结论:辅助派姆单抗显示了可控制的安全性,与晚期疾病的先前报告相当。
方法:患者已完全切除IIIA期,IIIB,或美国癌症联合委员会的IIIC黑色素瘤,第7版,标准(AJCC-7;KEYNOTE-054);符合AJCC-8(KEYNOTE-716)的IIB期或IIC黑色素瘤;IB期,II,根据AJCC-7(PEARLS/KEYNOTE-091)或IIIA非小细胞肺癌;或肾切除术/转移切除术后透明细胞肾细胞癌复发风险增加(KEYNOTE-564)。患者每3周接受一次200mg的pembrolizumab(儿科患者为2mg/kg至200mg)或安慰剂,持续约1年。总结了接受≥1剂量治疗的患者的不良事件(AE)。

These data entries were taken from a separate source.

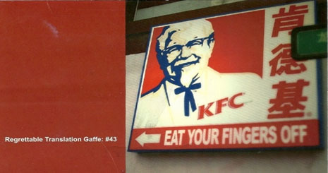 رستوران زنجیره ای معروف آمریکایی در همان روزهای آغازین کمپین تبلیغاتی در شهر پکن چین مجبور به جمع آوری بنرهای تبلیغاتی خود شد. علت این اتفاق یک اشتباه به ظاهر کم اهمیت در ترجمه کردن شعار تبلیغاتی این رستوران بود: "اینجا انگشت هایتان را می خورید!"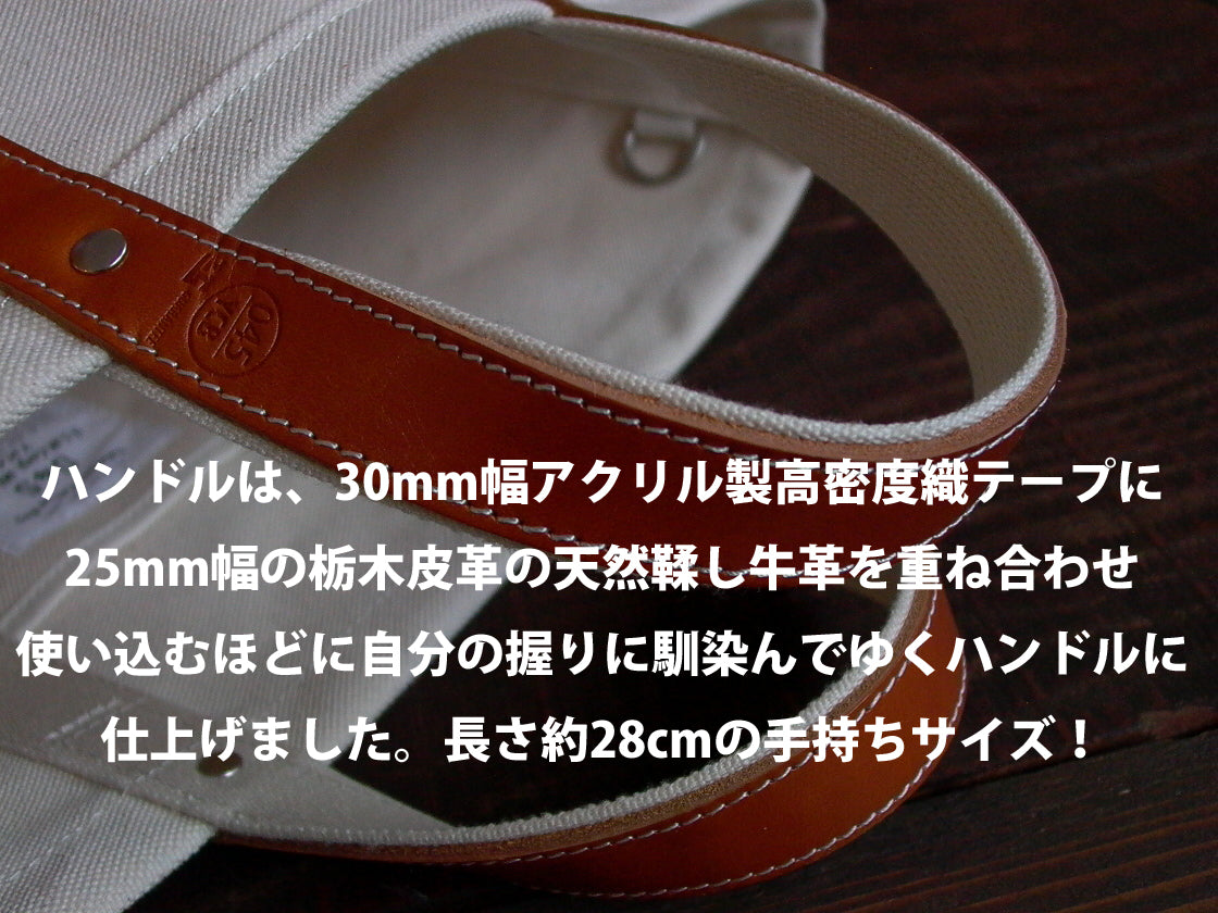 洗い染色加工したソフトな綿4号帆布を使用。バッグ底面の底あてに防水性の軽量帆布(Airsky)を使用しお手入れ楽々。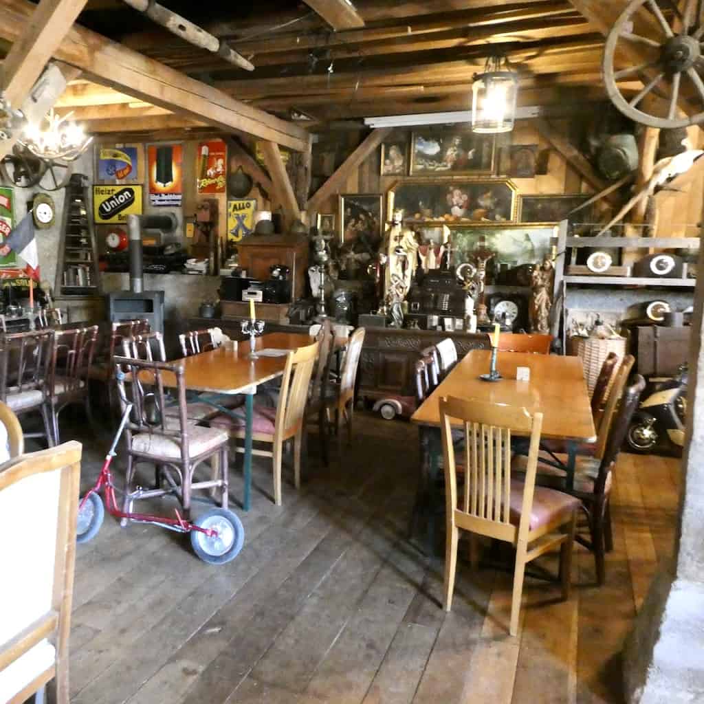 In der Gaststätte lassen wir uns inmitten der ganzen «Museumsstücke» bestens bewirten. Die kleine Karte kommt nicht nur bei uns gut an. Der Laden brummt.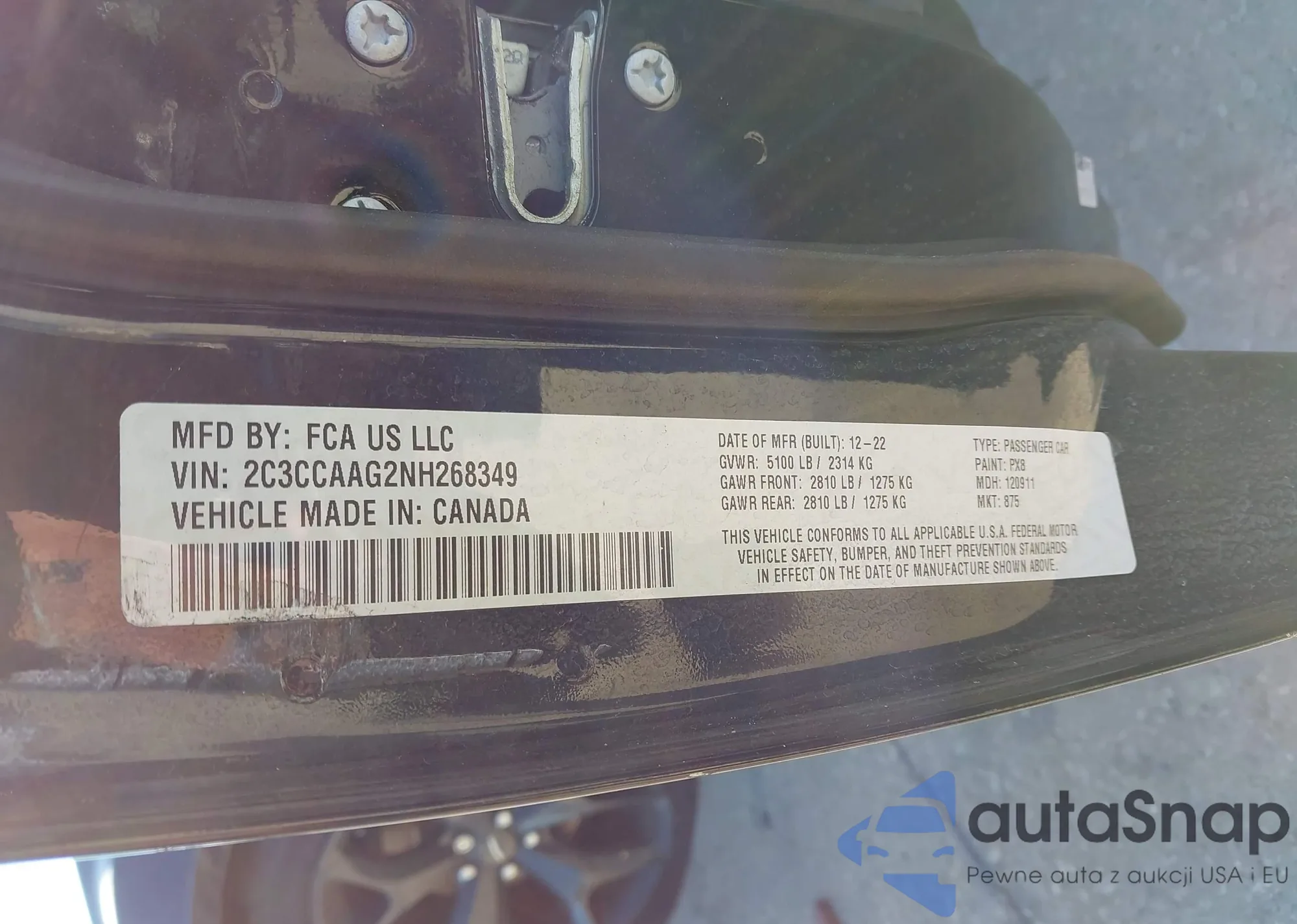 The car Chrysler 300 2022 (VIN 2C3CCAAG2NH268349) is sold by an unverified seller. We recommend checking the Carfax report and confirming registration possibilities before purchase.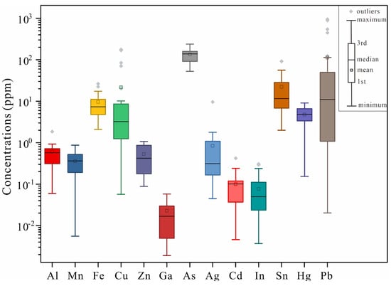 Stibnite that intergrows with quartz shows typical radiating aggregates of elongated, prismatic, and four-sided crystals with pyramidal edges (Figure 4c–f). The proportions of trace elements within stibnite in the Zhaxikang deposit appear as: As ≥ Pb ≥ Sn ≥ Fe ≥ Cu ≥ Hg ≥ Ag ≥ Zn ≥ Al ≥ Mn ≥ Cd ≥ In ≥ Ga (Table 1 and Figure 5). The majority of the measured elements had concentrations lower than the detection limits. Therefore, only the 13 elements aforementioned with concentrations significantly above the detection limit are suitable for further analysis. Arsenic shows the highest concentrations, spanning between ~53 and ~240 ppm. The second abundant element is Pb, which shows erratic distribution ranging from ~0.5 to ~110 ppm, while the concentrations of Fe, Cu, Hg, and Sn are relatively low, ranging from 1 to 30 ppm. The concentrations of Al, Mn, Zn, Cd, Ag, and In range commonly from 0.01 to 1 ppm. The gallium concentration is the lowest, which is lower than 0.1 ppm or even under the detection limit. Some of the analyses show anomalous concentrations even though we have tried to avoid visible inclusions. The latter is attributed to the possible presence of micro-inclusions.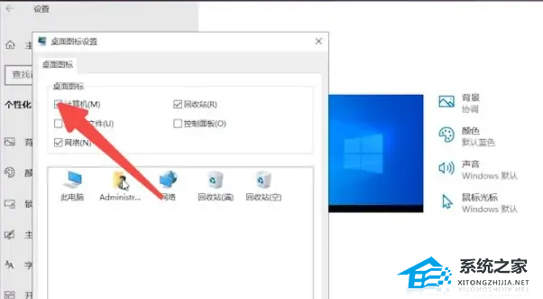 在桌面图标设置界面勾选上计算机后点击应用并确定即可。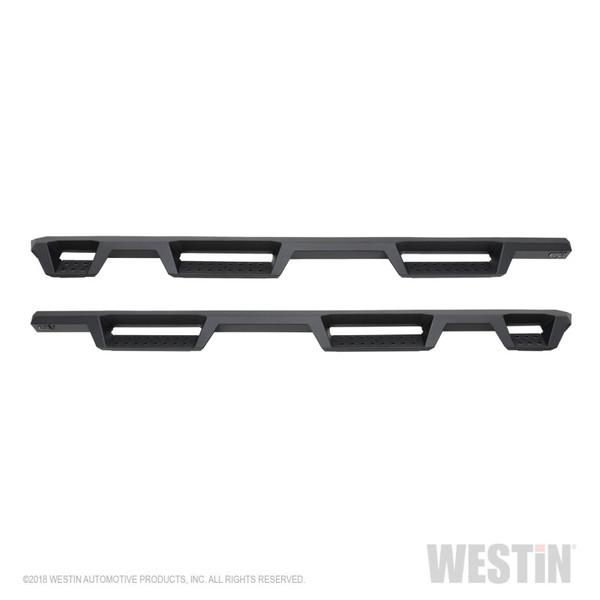 Westins HDX Drop Wheel-to-Wheel Nerf Step Bars feature a notched bar design with a 3rd step location for easy bed access. They provide strong traction with over 2 inches more of toe/heel step area than our Westin's HDX Drop W2W Nerf Step Bars include an added 3rd step location for easier bed area and cargo access. HDX also boasts more than 2 inches of added toe/heel step area which far exceeds all other competitive brands. HDX's notched bar design construction results in a reliable long lasting Bar, with a solid fit and a rugged look. The added length of HDX Drop Wheel-to-wheel Nerf Step Bars provides users with better cab access and better footing and traction for both drivers and passengers. Product includes mount kit and is offered in a variety of vehicle specific applications. Bolt-on installation so no drilling required. Mount kit included. Westin's exclusive Isolator Bracket supports the step bar past the truck cab, a feature that competitors do not offer. Without an Isolator Bracket, the step area that extends past the vehicle is left unsupported. Our unique design provides extra bed support without resulting in annoying creaking sounds.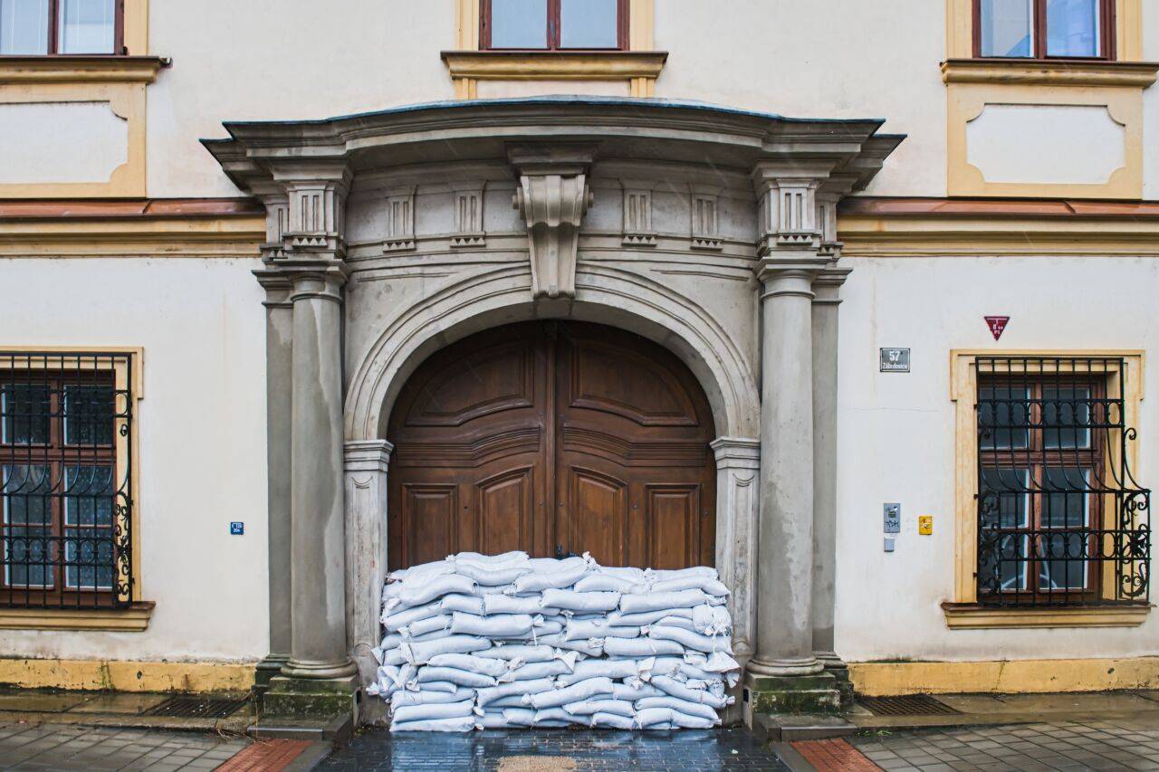 Sandsäcke schützen ein Eingangstor auf der Lazaretní Straße vor dem Hochwasser.

结果:数据来自4125名接受派姆单抗(n=2060)或安慰剂(n=2065)治疗的患者。pembrolizumab治疗的中位(范围)持续时间为11.1个月(0.0-18.9),安慰剂治疗为11.2个月(0.0-18.1)。治疗相关的AE发生在pembrolizumab组的78.6%(1620/2060)患者(3-5级,16.3%[336/2060])和安慰剂组的58.7%(1212/2065)患者(3-5级,3.5%[72/2065])中。免疫介导的AE(例如肾上腺功能不全,垂体炎,和甲状腺炎)发生在36.2%(746/2060)的pembrolizumab组(3-5级,8.6%[177/2060])和8.4%(174/2065)的安慰剂组(3-5级,1.1%[23/2065]).在免疫介导的AE或输注反应≥1的患者中,在pembrolizumab和安慰剂组中,有35.2%(268/761)和20.2%(39/193)的患者需要全身性皮质类固醇,分别。
结论:辅助派姆单抗显示了可控制的安全性,与晚期疾病的先前报告相当。